ASIC argued that Westpac’s campaign crossed the line: its staff had provided ‘personal advice’ without complying with their obligations. For example, they failed to provide a statement of advice.

At first, Westpac had a win. In December 2018, Justice Jacqueline Gleeson of the Federal Court of Australia held that the relevant advice was not ‘personal advice’ for the purposes of the Corporations Act because Westpac’s callers did not consider one or more of the objectives, financial situation and needs of the customers to whom the advice was given.

ASIC wins on appeal

ASIC did not take the outcome lying down — it appealed to the Full Court of the Federal Court. In October 2019, ASIC won, reversing Justice Gleeson’s decision. The advice was not ‘general advice’; it was personal.
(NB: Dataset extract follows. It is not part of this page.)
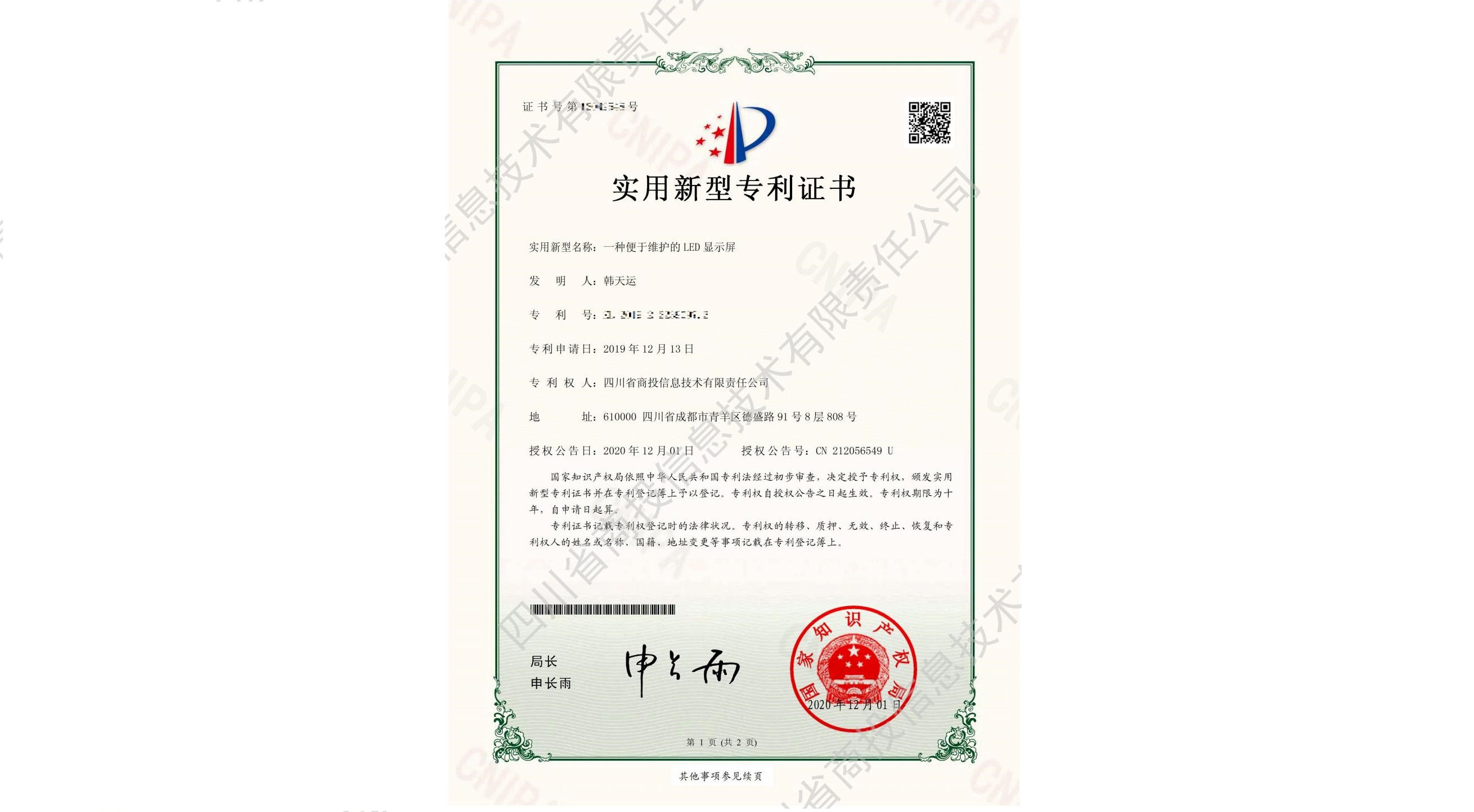 一种便于维护的LED显示屏-实用新型专利证书

The Full Court reaffirmed that ‘personal advice’ considers the needs of the individual customer: their personal objectives, personal financial situation, or personal needs. But even if those things are not considered when the financial advice is given, the advice may still be ‘personal advice’ if a reasonable person would expect the adviser to consider those things.

Put another way: if a reasonable person in the customer’s position would expect the staff member to consider their personal situation, then it is ‘personal advice’. Westpac was trying to tiptoe around the obligations that attach to ‘personal advice’, but that did not matter.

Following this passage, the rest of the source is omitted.